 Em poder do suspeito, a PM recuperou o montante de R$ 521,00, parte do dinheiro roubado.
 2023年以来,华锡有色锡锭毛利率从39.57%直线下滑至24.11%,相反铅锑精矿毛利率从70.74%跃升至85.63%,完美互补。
---
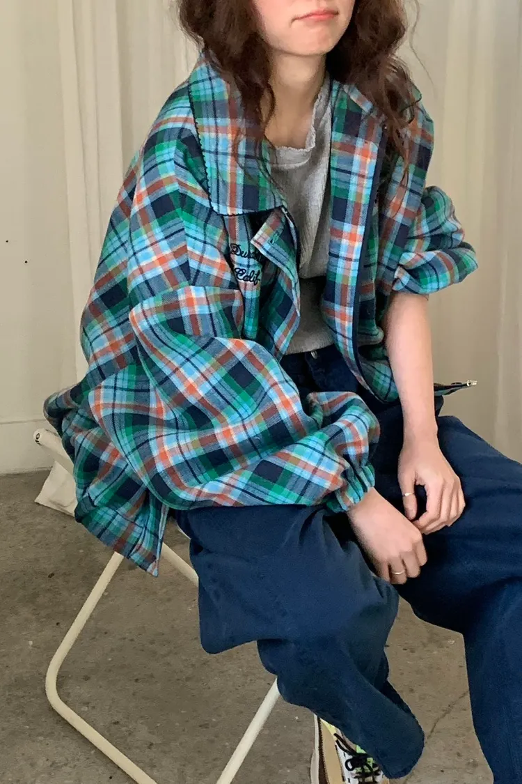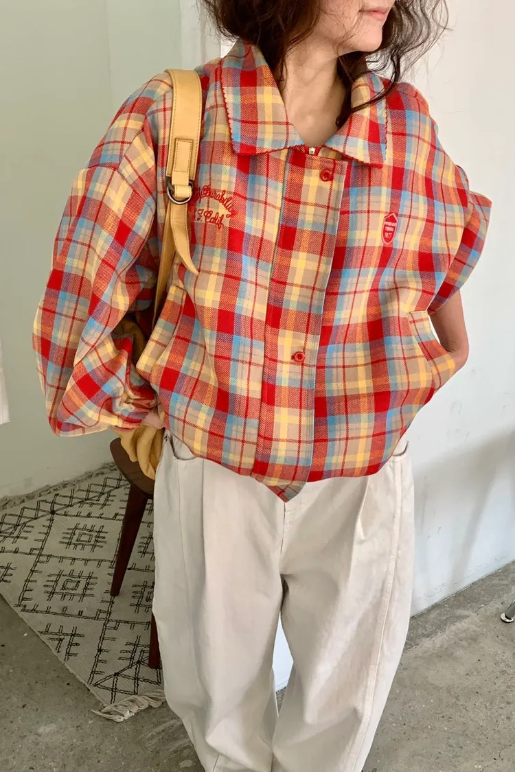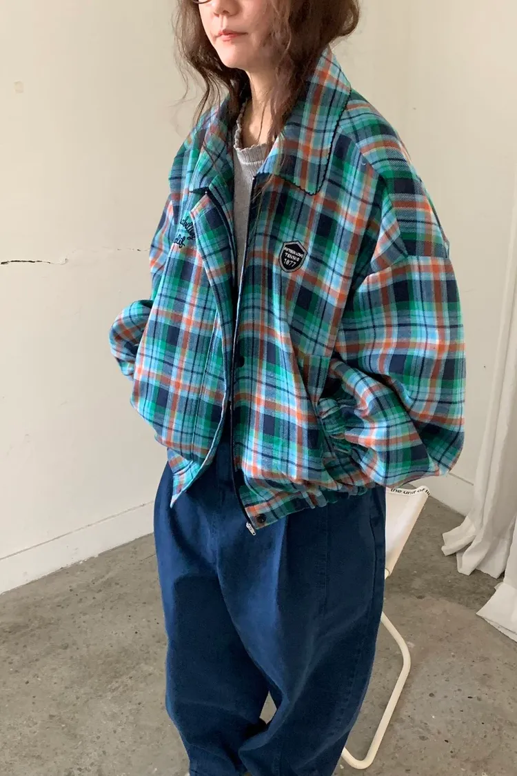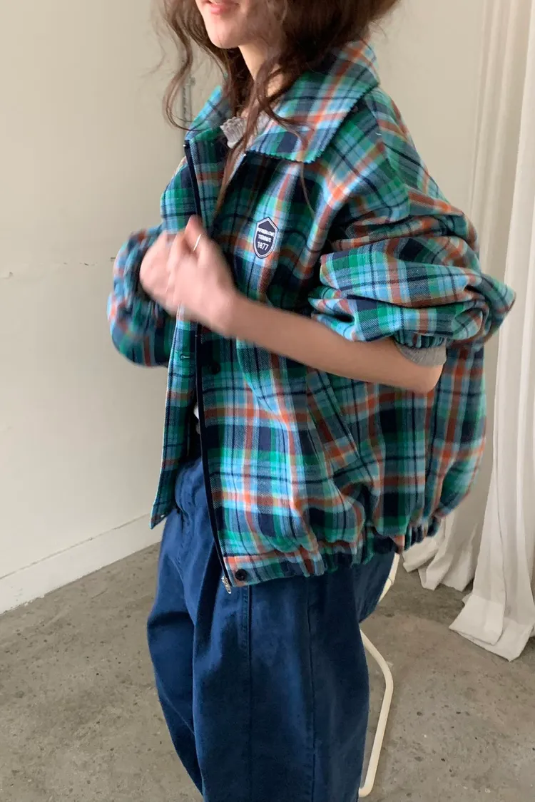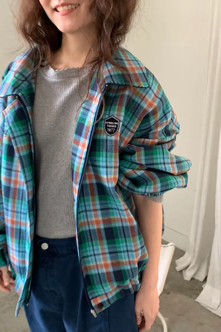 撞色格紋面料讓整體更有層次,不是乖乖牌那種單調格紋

## EXERCISE AIM
The response should hold exactly the lines starting at the line with "Em poder do" and ending at the line with "2023年以来,华锡有色锡锭", and no other line of the material above.

## EXERCISE RESPONSE
 Em poder do suspeito, a PM recuperou o montante de R$ 521,00, parte do dinheiro roubado.
 2023年以来,华锡有色锡锭毛利率从39.57%直线下滑至24.11%,相反铅锑精矿毛利率从70.74%跃升至85.63%,完美互补。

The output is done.